Dominique Vasteels, la cheville ouvrière de ce concours et de l'émission est aussi surprise que ses auditeurs, elle vient d'apprendre la nouvelle juste au moment de lancer la 18e édition du concours... Pas assez rentable, il paraît. Drôle de logique pour La Première, une chaîne de service public, qui programme de la fiction grand public... à 23h!
L'occasion est belle de dire tout ce que je dois à Dominique Vasteels. Dès 1996, c'est elle qui a enregistré "le chien brun et la fleur jaune de Chine" en radio, car ce texte avait reçu le prix de la RTBF au concours de nouvelles de la Fureur de Lire. J'ai adoré la lecture de Julien Roy, avec son accent chinois de dessin animé et les refrains musicaux de restaurant chinois, c'était exactement ce qu'il fallait, et que je n'aurais jamais imaginé. Le miracle de la lecture en ondes.

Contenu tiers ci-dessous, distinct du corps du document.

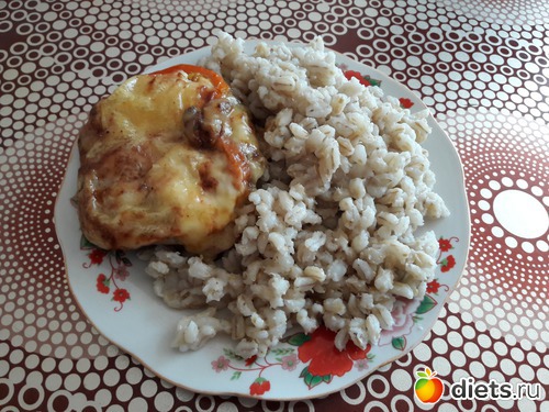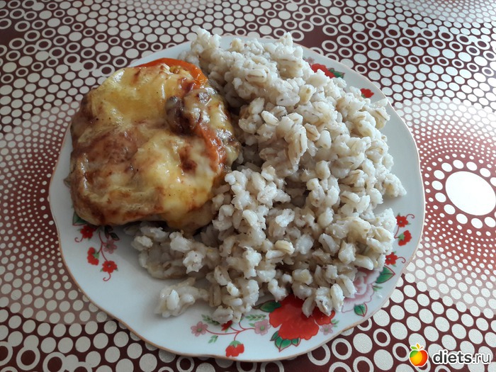 Обед - говяжья котлета под помидором и сыром (запеченная в духовке) + перловка

Après, bien d'autres nouvelles ont été écrites pour le concours: "Pas de vacances pour le chien brun", "Nettoyage à sec" et "L'affaire Smilodon", tous trois enregistrés dans l'émission et publiés plus tard dans mon recueil "Les ours n'ont pas de problème de parking", tout comme "Le grand méchant Marc", qui m'a rapporté le Grand Prix en 1999.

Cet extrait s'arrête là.